When a Leader Overreaches: JFK’s Pyrrhic Victory over U.S. Steel
When do you pick a fight—and how? These are uncomfortable questions, yet ones leaders often face in high-stakes situations with competitors and rivals. My research on the interplay between business and political leaders shows that there are rarely easy answers. For example, the well-known story of President Kennedy’s 1962 clash with US Steel is usually told in a way that favors the popular image of Kennedy as a skillful leader. However, as my discussion shows below, Kennedy picked a mistaken fight, then had to battle hard just to save face while accomplishing nothing substantial.
“My father always told me that all businessmen were sons of bitches,” said President John F. Kennedy on April 10, 1962.1 Kennedy’s angry reflection on corporate character was provoked by Roger M. Blough, head of U.S. Steel. Blough had just left the White House after informing the president that his company would be raising the price of steel by $6 per ton.
Since taking office a year earlier, Kennedy had made a priority of preventing inflation. He tried to take a balanced approach to unions and corporations, asking both sides to cooperate in holding down wages and prices. U.S. Steel’s price increase amounted to a rejection of his bid to fight inflation by serving as an honest broker between labor unions and business corporations. Kennedy’s attempt to manage wages and prices from the White House was the closest any post–World War II president came to more or less officially recognizing the corporate basis of the American Dream.
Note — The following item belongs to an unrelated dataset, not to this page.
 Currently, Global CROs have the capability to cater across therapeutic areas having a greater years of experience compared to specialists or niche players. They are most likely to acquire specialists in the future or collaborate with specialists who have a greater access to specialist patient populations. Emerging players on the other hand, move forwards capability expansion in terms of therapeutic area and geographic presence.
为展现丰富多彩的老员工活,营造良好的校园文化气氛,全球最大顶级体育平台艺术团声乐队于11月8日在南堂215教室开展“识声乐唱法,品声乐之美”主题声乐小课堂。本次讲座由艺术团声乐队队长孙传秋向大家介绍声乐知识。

If businesses did not raise prices and if unions only asked for pay raises in proportion to productivity increases, inflation could be checked, corporate profits could be maintained, and the standard of living could rise. The president, of course, had no official power over CEOs, but Kennedy thought that as head of state he was entitled to call corporate executives’ attention to what he insisted were their “public responsibilities.”2
Kennedy may not have realized that he was opening an old wound by injecting himself into corporations’ pricing policy. He was threatening the “right to manage,” the preservation of which had been the mission of American business in the post–World War II era. Whether he knew it, Kennedy was resuming the battle that Walter Reuther and the United Auto Workers had lost in their failed 1946 strike against General Motors. Reuther and the UAW had tried to force Alfred Sloan and GM to hold the line on prices while raising workers’ pay. But Sloan and GM had won that battle. Since then, corporations had been confident that the prices they charged were none of the unions’ business, still less the government’s. Kennedy, by trying to involve himself in the pricing policies of steel companies, was treading on the corporate equivalent of sacred ground.
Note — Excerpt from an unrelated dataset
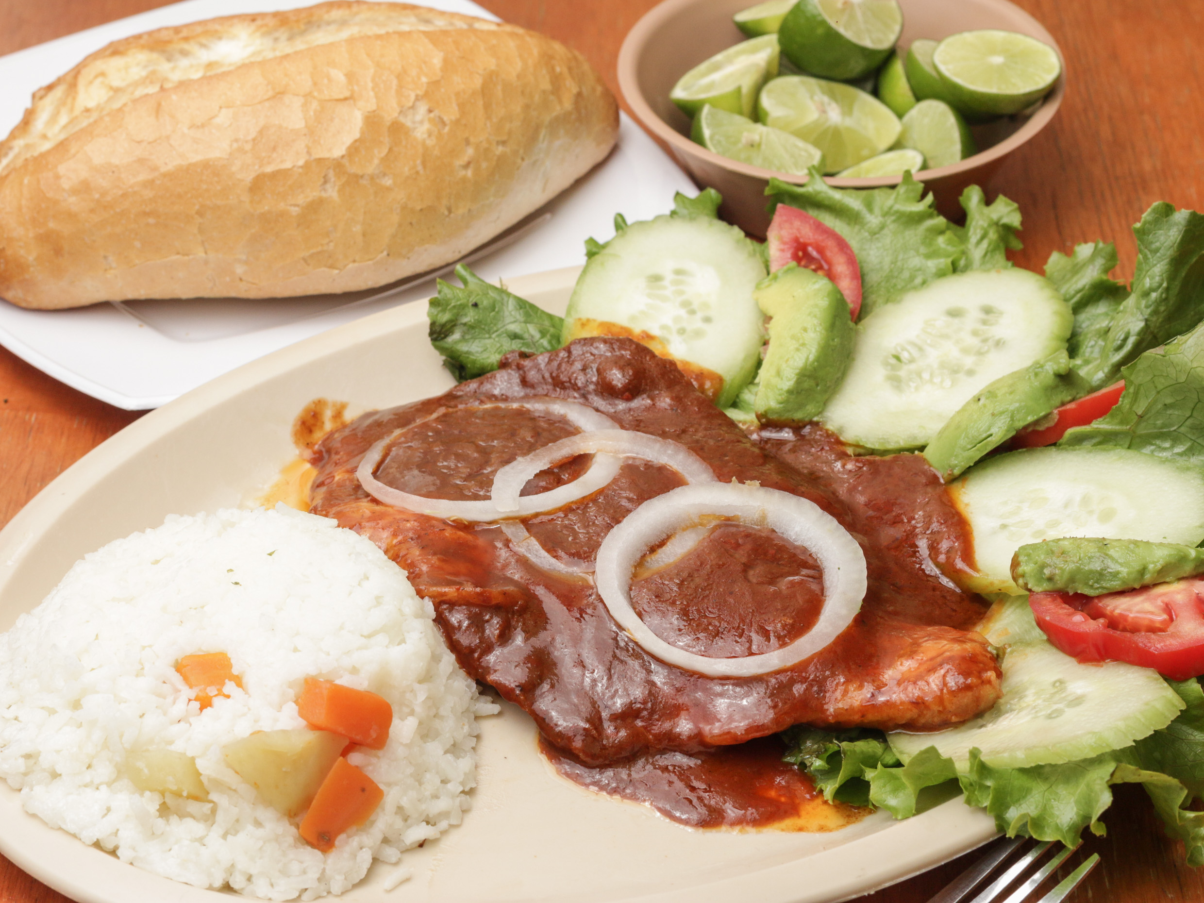 Sabana de pescado sazonada con salsa chipotle. Servidos con ensalada de lechuga fresca, pepino, jitomate y aguacate. Se agrega orden de arroz.

Kennedy’s policy was the brainchild of his secretary of labor, Arthur Goldberg, a former lawyer for the steelworkers’ union. Like Reuther in 1946, Goldberg in 1962 aimed to ensure that pay increases provided real gains in workers’ purchasing power. The only difference was that it was the government, not the UAW, that would try to prevent corporate price hikes. Two of Kennedy’s economic advisers, Walter Heller and John Kenneth Galbraith, had ideas fairly similar to Goldberg’s. They wanted to fight “cost-push” inflation or, as conservatives called it, the “wage-price spiral.” Galbraith called it the “wage-price-profit” spiral to emphasize his view that corporate profits were the ultimate driver of inflation. If that were indeed so, it was naive to expect corporations to cooperate in holding down prices. Yet, that was the policy to which the Kennedy administration committed itself.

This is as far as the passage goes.